= HOW TO COMPLETE THIS TASK =
Transcribe the entries below exactly from their first line through the line containing "colar corrente de", and let no picture into the copy.

= SUPPLIED DATA =

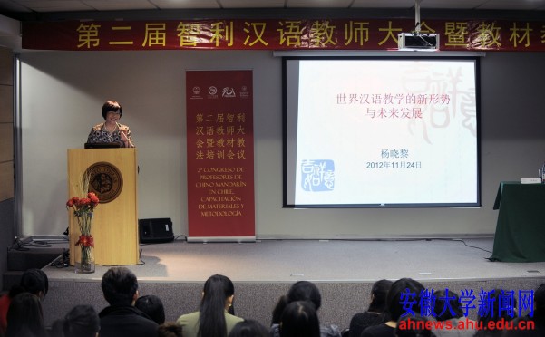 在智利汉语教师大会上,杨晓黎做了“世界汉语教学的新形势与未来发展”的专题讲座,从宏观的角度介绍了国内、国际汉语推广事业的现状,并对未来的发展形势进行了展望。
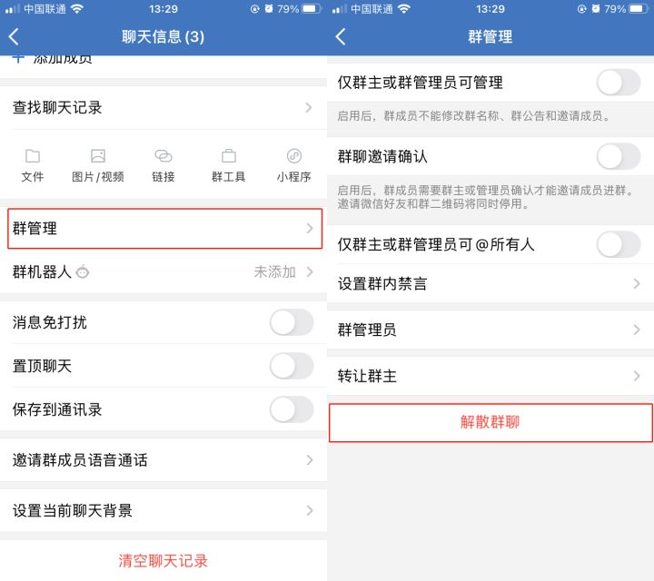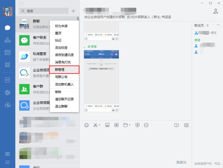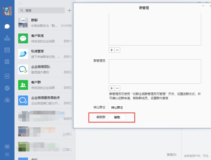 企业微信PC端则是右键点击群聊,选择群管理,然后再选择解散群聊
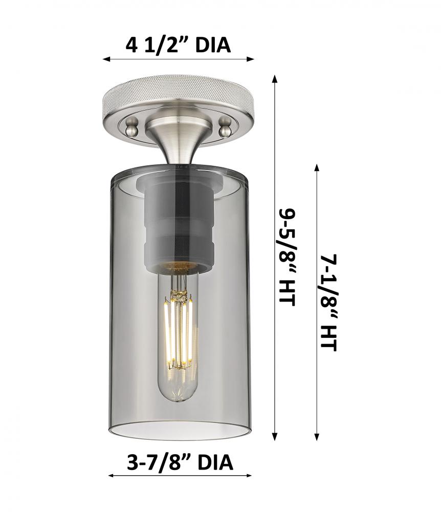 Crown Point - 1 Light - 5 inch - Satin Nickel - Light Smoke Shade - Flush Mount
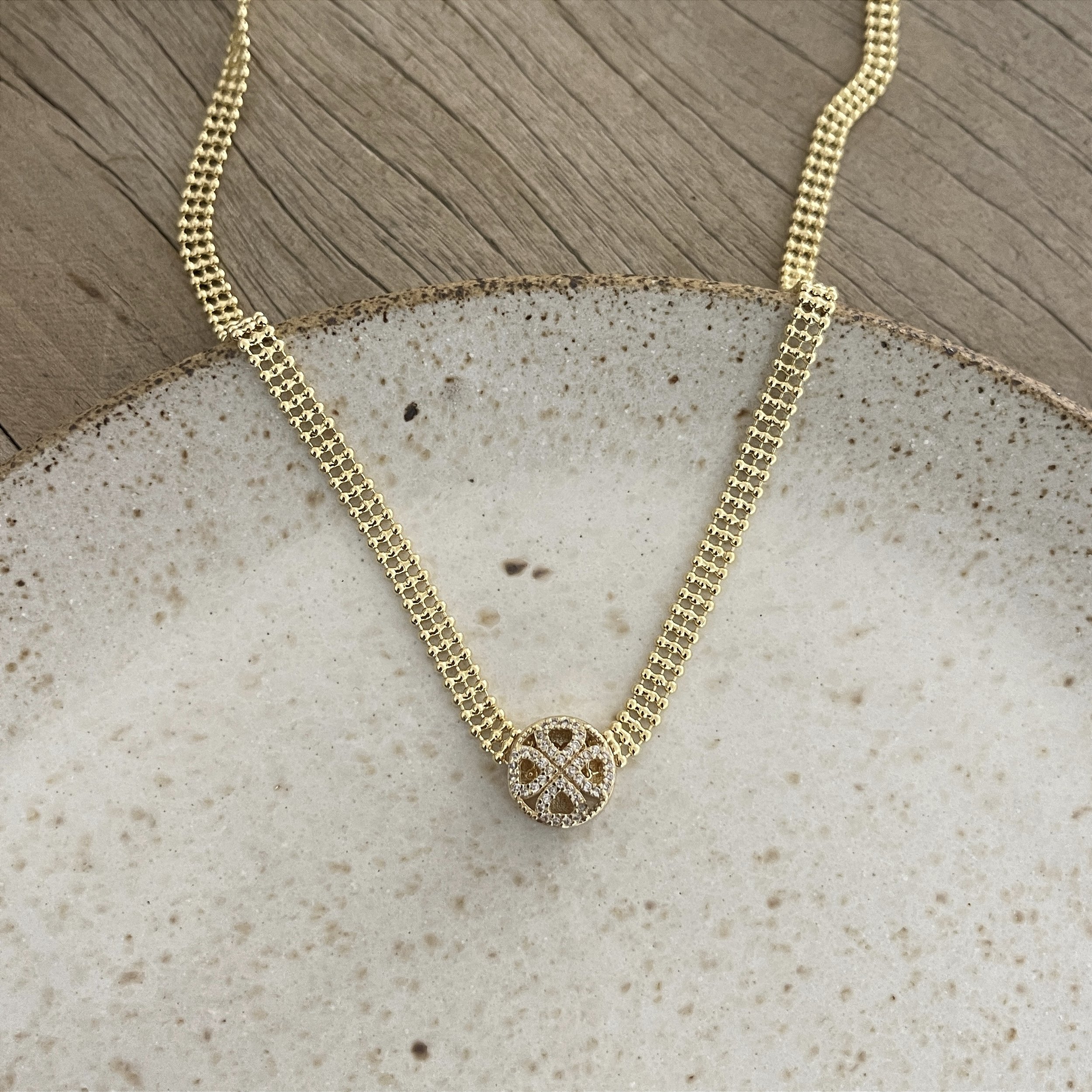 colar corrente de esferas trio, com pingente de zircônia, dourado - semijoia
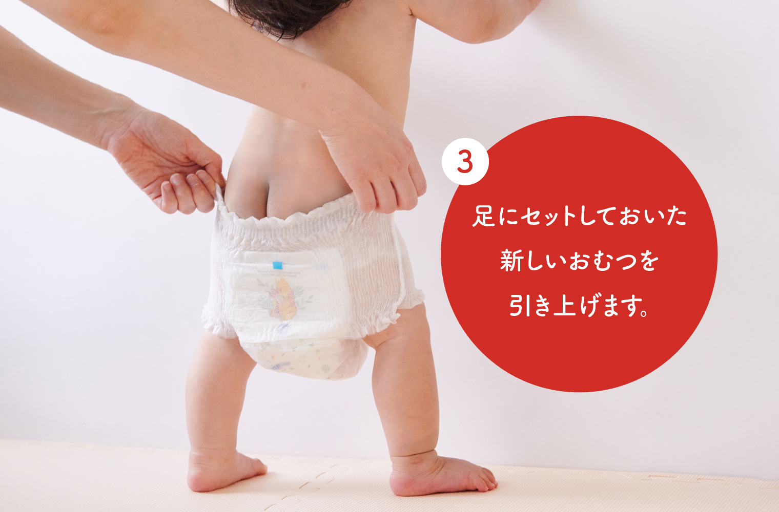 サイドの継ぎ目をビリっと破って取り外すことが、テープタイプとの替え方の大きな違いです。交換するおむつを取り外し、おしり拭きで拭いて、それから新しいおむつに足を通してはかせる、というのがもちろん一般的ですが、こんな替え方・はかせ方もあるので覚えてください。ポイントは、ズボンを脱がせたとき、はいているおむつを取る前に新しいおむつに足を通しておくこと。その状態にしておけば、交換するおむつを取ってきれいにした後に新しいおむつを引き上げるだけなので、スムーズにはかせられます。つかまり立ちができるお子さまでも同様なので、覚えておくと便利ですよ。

= SOLUTION FOR THIS PROBLEM =
 在智利汉语教师大会上,杨晓黎做了“世界汉语教学的新形势与未来发展”的专题讲座,从宏观的角度介绍了国内、国际汉语推广事业的现状,并对未来的发展形势进行了展望。
 企业微信PC端则是右键点击群聊,选择群管理,然后再选择解散群聊
 Crown Point - 1 Light - 5 inch - Satin Nickel - Light Smoke Shade - Flush Mount
 colar corrente de esferas trio, com pingente de zircônia, dourado - semijoia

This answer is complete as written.